> _Exercise_
Which lines run from the one containing "L’association de pierres" to the end of the entries? Quote them exactly, and nothing else.

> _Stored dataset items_
◇ ◇ ◇ ◇ ◇

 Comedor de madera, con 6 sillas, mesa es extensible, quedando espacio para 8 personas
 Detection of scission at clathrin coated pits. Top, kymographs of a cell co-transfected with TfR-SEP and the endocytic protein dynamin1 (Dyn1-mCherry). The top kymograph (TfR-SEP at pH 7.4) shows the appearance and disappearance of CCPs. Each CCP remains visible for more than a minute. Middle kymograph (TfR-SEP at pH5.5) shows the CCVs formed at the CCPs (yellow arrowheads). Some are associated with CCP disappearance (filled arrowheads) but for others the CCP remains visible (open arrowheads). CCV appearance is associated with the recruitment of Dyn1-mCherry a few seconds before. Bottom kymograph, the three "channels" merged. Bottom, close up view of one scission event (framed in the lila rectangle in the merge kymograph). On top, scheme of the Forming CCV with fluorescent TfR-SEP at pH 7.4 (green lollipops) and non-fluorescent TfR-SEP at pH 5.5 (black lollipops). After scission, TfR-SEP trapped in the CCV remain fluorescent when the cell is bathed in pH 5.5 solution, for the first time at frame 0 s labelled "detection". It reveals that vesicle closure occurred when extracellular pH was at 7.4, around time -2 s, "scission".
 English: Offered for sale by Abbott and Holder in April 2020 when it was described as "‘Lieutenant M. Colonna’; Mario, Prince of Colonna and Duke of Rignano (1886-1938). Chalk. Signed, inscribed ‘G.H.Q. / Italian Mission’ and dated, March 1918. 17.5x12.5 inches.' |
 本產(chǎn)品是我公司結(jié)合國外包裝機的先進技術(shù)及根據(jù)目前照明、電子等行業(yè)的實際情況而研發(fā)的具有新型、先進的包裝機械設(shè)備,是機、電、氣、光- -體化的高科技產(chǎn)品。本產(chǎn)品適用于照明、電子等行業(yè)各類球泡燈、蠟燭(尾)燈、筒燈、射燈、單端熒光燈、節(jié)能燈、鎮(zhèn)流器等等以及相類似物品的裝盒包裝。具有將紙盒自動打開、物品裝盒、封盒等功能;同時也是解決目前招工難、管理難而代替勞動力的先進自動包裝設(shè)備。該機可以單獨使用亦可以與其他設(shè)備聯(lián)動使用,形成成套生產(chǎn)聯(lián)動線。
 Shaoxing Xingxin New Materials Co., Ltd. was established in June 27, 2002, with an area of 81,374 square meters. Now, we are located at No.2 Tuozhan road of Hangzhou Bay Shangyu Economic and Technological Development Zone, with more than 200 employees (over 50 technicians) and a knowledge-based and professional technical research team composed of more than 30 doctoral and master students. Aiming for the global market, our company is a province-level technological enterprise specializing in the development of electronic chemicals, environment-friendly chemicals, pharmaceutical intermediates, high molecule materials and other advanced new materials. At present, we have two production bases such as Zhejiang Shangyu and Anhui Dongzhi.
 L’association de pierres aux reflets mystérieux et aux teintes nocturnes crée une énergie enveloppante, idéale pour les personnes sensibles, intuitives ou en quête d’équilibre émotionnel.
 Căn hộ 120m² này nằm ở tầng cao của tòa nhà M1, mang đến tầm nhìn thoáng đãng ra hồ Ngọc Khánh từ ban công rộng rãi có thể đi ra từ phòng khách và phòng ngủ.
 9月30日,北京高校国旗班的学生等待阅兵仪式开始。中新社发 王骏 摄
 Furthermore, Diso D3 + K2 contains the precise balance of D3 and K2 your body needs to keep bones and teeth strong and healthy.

◇ ◇ ◇ ◇ ◇

> _Solution for this task_
 L’association de pierres aux reflets mystérieux et aux teintes nocturnes crée une énergie enveloppante, idéale pour les personnes sensibles, intuitives ou en quête d’équilibre émotionnel.
 Căn hộ 120m² này nằm ở tầng cao của tòa nhà M1, mang đến tầm nhìn thoáng đãng ra hồ Ngọc Khánh từ ban công rộng rãi có thể đi ra từ phòng khách và phòng ngủ.
 9月30日,北京高校国旗班的学生等待阅兵仪式开始。中新社发 王骏 摄
 Furthermore, Diso D3 + K2 contains the precise balance of D3 and K2 your body needs to keep bones and teeth strong and healthy.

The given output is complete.